Problème foncier sur fond de népotisme
Issouf Traoré, Chef de village de Goula, âgé de 67 ans, auditionné par Me Mamadou Sissoko, huissier à San, est formel : « Cette année, Drissa Coulibaly, sous-préfet de San, a sciemment violé nos coutumes en répartissant nos terres à sa convenance et à des personnes de son choix, malgré mes vœux de nous laisser au moins nos champs ». Il a précisé qu’il attribué leurs champs aux habitants de Djéguena, situé à 9 Kms, Bougoura à 15 km, Si à 12 km, Offienso à 7 km, Béléko à 20 km, Zékoun et Nesso, son village d’origine. « Nous ne pouvons même pas passer à côté de nos champs sans être arrêté et conduit à la prison de San.
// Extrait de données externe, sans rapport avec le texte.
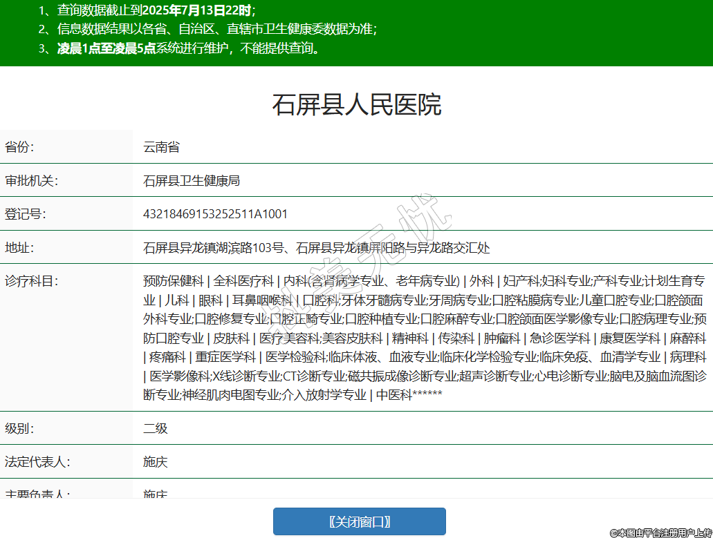 省份:云南省審批機(jī)關(guān):石屏縣衛(wèi)生健康局登記號(hào):43218469153252511A1001地址:石屏縣異龍鎮(zhèn)湖濱路103號(hào)、石屏縣異龍鎮(zhèn)屏陽路與異龍路交匯處診療科目:預(yù)防保健科 | 全科醫(yī)療科 | 內(nèi)科(含腎病學(xué)專業(yè)、老年病專業(yè)) | 外科 | 婦產(chǎn)科;婦科專業(yè);產(chǎn)科專業(yè);計(jì)劃生育專業(yè) | 兒科 | 眼科 | 耳鼻咽喉科 | 口腔科;牙體牙髓病專業(yè);牙周病專業(yè);口腔粘膜病專業(yè);兒童口腔專業(yè);口腔頜面外科專業(yè);口腔修復(fù)專業(yè);口腔正畸專業(yè);口腔種植專業(yè);口腔麻醉專業(yè);口腔頜面醫(yī)學(xué)影像專業(yè);口腔病理專業(yè);預(yù)防口腔專業(yè) | 皮膚科 | 醫(yī)療美容科;美容皮膚科 | 精神科 | 傳染科 | 腫瘤科 | 急診醫(yī)學(xué)科 | 康復(fù)醫(yī)學(xué)科 | 麻醉科 | 疼痛科 | 重癥醫(yī)學(xué)科 | 醫(yī)學(xué)檢驗(yàn)科;臨床體液、血液專業(yè);臨床化學(xué)檢驗(yàn)專業(yè);臨床免疫、血清學(xué)專業(yè) | 病理科 | 醫(yī)學(xué)影像科;X線診斷專業(yè);CT診斷專業(yè);磁共振成像診斷專業(yè);超聲診斷專業(yè);心電診斷專業(yè);腦電及腦血流圖診斷專業(yè);神經(jīng)肌肉電圖專業(yè);介入放射學(xué)專業(yè) | 中醫(yī)科******級(jí)別:二級(jí)法定代表人:施慶主要負(fù)責(zé)人:施慶執(zhí)業(yè)許可證有效期:2025/06/12 -至- 2038/11/30 -

Par décision n°84 du 26 mai 2011, les autorités de San, nous ont attribué des champs qui se trouvent du côté de Tonga et il nous faut traverser deux villages pour nous y rendre. Je demande que nous soient restitués nos terres afin d’éviter la catastrophe », a-t-il déclaré. Des différents témoignages recueillis par nos confrères de la Radio Kayira I de Bamako, auprès de différents chefs de villages et des notabilités de la localité, il ressort que le conflit tire sa source de la réalisation du seuil de Talo. Selon eux, avant la réalisation du seuil de Talo, il n’y avait aucun problème dans la localité. Mais, avec la construction du seuil de Talo, la plaine qui ne recevait plus d’eau depuis de nombreuses années, a commencé à en recevoir. Face à ce regain de valeur de la plaine, l’administration locale, selon Drissa Coulibaly, Sous-préfet de San, joint au téléphone, dans sa volonté de mettre fin aux différentes formes de spéculations, a jugé bon de procéder à une répartition en bonne et due forme des terres. A cet effet, par décision N°62, le Préfet de San a créé une Commission d’attribution de parcelles rizicoles dans la plaine aménagée du moyen Bani.
En principe, c’est à l’issue du travail de cette commission que le Préfet par décision N°84, a attribué des parcelles rizicoles, d’une superficie totale de 3 810 ha, dans les plaines aménagées de Tounga-centre et de Tounga-Est du Moyen Bani à 115 personnes des villages de Banansirakoro, N’goa, Parampasso, Sia et Goualani, en raison de 2 à 2,50 ha par personne. Chose bizarre dans cette répartition, nulle part, il n’est mentionné que des terres ont été attribué aux villageois de Dalla, de Néra, de Dinso, de Djibougou Bambara, de Tabara, de Tiby Marka, de Zémesso et de Tiby Bambara, alors que les chefs de tous ces villages ont été membres de la commission d’attribution de parcelles mise en place par le Préfet de San.
Tout compte fait, les habitants des villages de Gouala, Néra, Zémesso, Dalla, Flasso, Bosso, Dinso, N’goa, n’ont pas voulu reconnaître la décision du Préfet. « Depuis cinq mois, nous avons utilisé toutes les formes de sensibilisation. Mais, aucun partage ne peut satisfaire celui qui veut tout avoir », nous a indiqué au téléphone Drissa Coulibaly, sous-préfet de San. Selon les témoignages recueillis auprès de certains villageois, ils ne sont pas contre la répartition des terres, mais ils ont simplement souhaité être réinstallés sur les champs qu’ils ont cultivés de tout temps. Et, tout porte à croire que c’est face au refus de ces villageois de voir d’autres personnes cultiver leurs champs, que la gendarmerie est intervenue pour faire respecter la décision du Préfet.